Билингвизм, диглоссия, чувашско-русское двуязычие, чувашский язык, диаспора, активный билингвизм, пассивный билингвизм, языковая ситуация, языковой нигилизм
Короткий адрес: https://sciup.org/147219912
IDR: 147219912 | DOI: 10.25205/1818-7919-2018-17-2-90-98
Текст научной статьи Количественное распределение активных и пассивных билингвов в чувашской диаспоре московского региона (II)
Возрастная когорта 41–50
В когорте 40–50-летних респондентов соотношение активных и пассивных билингвов составляет 70 и 30 % соответственно. Активные билингвы, составляющие почти 70 % в данной возрастной группе, в основном родились в деревне, имеют среднее специальное образование. Они говорят на чувашском в чувашской деревне, в городе в Чувашской Республике – на русском. Респонденты сохраняют стереотипы относительно уместности использования чувашского в городской среде, подобные стереотипам представителей старшей когорты: «В городе разговаривают все на русском языке. Да, и я тоже. Ну они там все разговаривают на русском языке! Большинство же молодежь! Думаешь, а вдруг они не знают! А в деревне, с соседями, в магазине ‒ на чувашском. Они же все на чувашском языке!» (Роза О., 45). Они одобряют идею более широкого распространения русского языка в чувашской деревне, основываясь на собственном опыте: «Сейчас, я смотрю, детей в деревне учат на русском языке. Это, с одной стороны, хорошо, что с малых лет учат на русский язык. Как мы вот учились? Потому что тяжело нам было, а их учат сразу на русском языке и на чувашском. Вот с малых лет. Это, конечно, хорошо ‒ для детей в данный момент получается. А то мы пришли в первый класс, буквы видели и не знаем, что с ними делать, как их разговаривать, как они пишутся!

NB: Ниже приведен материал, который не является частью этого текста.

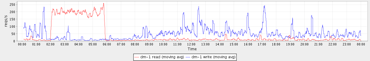 avg(dm-1 read) = 1188.13 avg(dm-1 write) = 193.25
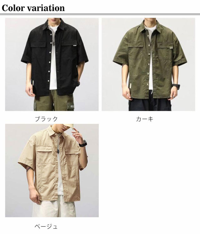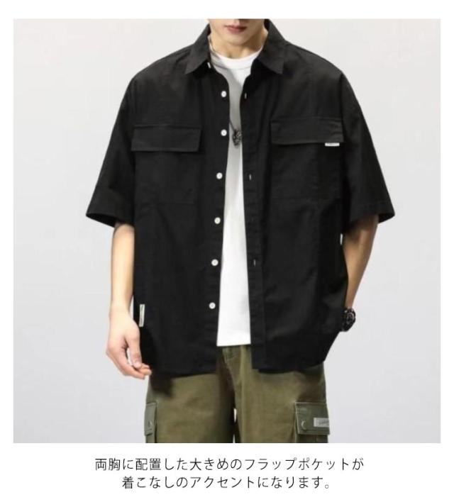 ミリタリー シャツジャケット メンズ ミリタリージャケット 半袖 5分袖 サマージャケット 春 秋 夏 アウター 羽織り ライトアウター オーバーサイズ ミリタリーシャツ カジュアルシャツ 無地 カーキ 黒 フラップポケット

Я за то, чтобы было и на русском, и на чувашском, если, конечно, там, на родине» (Роза О., 45).
Некоторые пытаются преодолеть ‒ прежде всего в себе ‒ навязанные советской эпохой стереотипы. «Я когда в Чебоксары приезжаю, на чувашском разговариваю. Без зазору, не стесняюсь. У нас же многие так теперь своего языка не стесняются. Особенно молодежь. Может, я раньше стеснялся. Когда курсантом был, в Чебоксары приезжал, когда бывал на каникулах, у меня все двоюродные братья по-русски разговаривали. Мне тоже хотелось, конечно! Выглядеть городским. А сейчас я с гордостью в Чебоксарах по-чувашски разговариваю. Гордость начал испытывать с 2005 года, когда вступил в Организацию “Сыны Отечества”, посвященную выдающимся личностям Чувашии. Чтобы не забывать свои корни, свой язык. У меня свой взгляд поменялся. Честно говорю, испытываю гордость. Между собой стараемся на чувашском общаться. Не сказать, конечно, что это чистое общение, но мне приятно! А вот в Чебоксарах билет буду покупать на русском, наверное, все равно какое-то стеснение осталось» (Сергей И., 47).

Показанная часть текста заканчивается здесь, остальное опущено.